Il s'agissait d'une opération purement médiatique dans le contexte post-attentats. J'en suis persuadé. C'était pour montrer que l'état ne restait pas sans réponse aux attentats - Maître Yves Chevasson

Cette nuit là, une trentaine de policiers avaient participé à l'intervention. Ils avaient saisi une dizaine d'armes, dont 3 kalachnikovs, un lance lance-roquettes, des munitions, des masques à gaz, des fusils qui datent de la seconde guerre mondiale. Le détenteur d'armes est un homme d'origine turc et musulman. Il avait même été contrôlé quelques semaines plus tôt par la police qui n'avait alors rien trouvé à redire sur ce stock d'armes. "Cette perquisition en pleine nuit est d'autant plus incompréhensible," ajoute l'avocat.
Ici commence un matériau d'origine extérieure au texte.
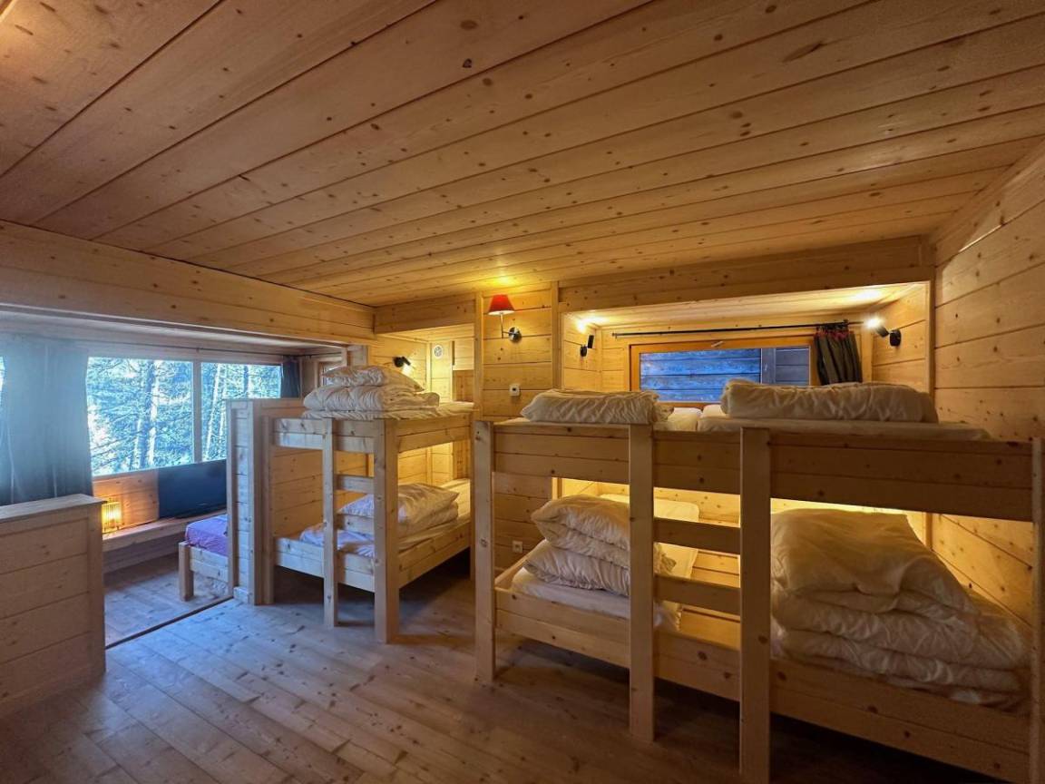 Es liegt 500 Meter von den Skiliften und 600 Meter vom Zentrum und den Geschäften entfernt. Eingebettet zwischen den Tannen und nur einen Steinwurf von einem kleinen Bach entfernt bietet es ein Gefühl der Abgeschiedenheit und ist dennoch in der Nähe von allem. Fläche von ungefähr 150 m². Orientierung : Ost, West. Niveau 0 : Waschräume mit Haartrockner, WC. mit 6 Stockbetten. Niveau 1 : Wohnzimmer mit Kamin. offene Küche mit Raclettegerät, Wasserkocher, Kaffeemaschine (Nespresso), Backofen, Toaster, Waschmaschine, Geschirrspülmaschine, Mikrowellenherd, 2 Induktionsherdplatten. separates WC. Terrasse. Niveau 2 : 2 Schlafzimmer mit Doppelbett. separates WC. Niveau 3 : Schlafzimmer mit Badewanne, Doppelbett, Haartrockner, WC. Die oberen Betten sind nicht für Kinder unter 6 Jahren geeignet.

Un profil de collectionneurs d'armes 

L'homme, qui se présente comme un collectionneur, a toujours prétendu que ces armes sont "démilitarisées", c'est-à-dire qu'elles ne peuvent pas fonctionner, qu'ils les a achetées sur Internet en Allemagne, et qu'il les avaient entreposées à la cave pour que ses enfants ne les voient pas. Le collectionneur se présente comme un passionné d'histoire militaire. Mais aujourd'hui, il est "usé par toute cette histoire," explique Maître Yves Chevasson. 

C'est un vrai traumatisme pour lui avec de grands titres dans la presse, il a été stigmatisé - son avocat 

L'homme reste affecté, même s'il dit avoir tourné la page. Il va revendre les armes ou les donner à un armurier. L'intervention s'était déroulé en pleine nuit, l'avocat rappelle que "la porte a été défoncé à coup de bélier, sa femme a eu le bras cassé et les enfants étaient présents lors de l'intervention de la brigade spécialisée." L'avocat va maintenant se tourner vers le tribunal administratif car le préjudice moral est important et "il convient de demander des dommages et intérêts," explique-t-il.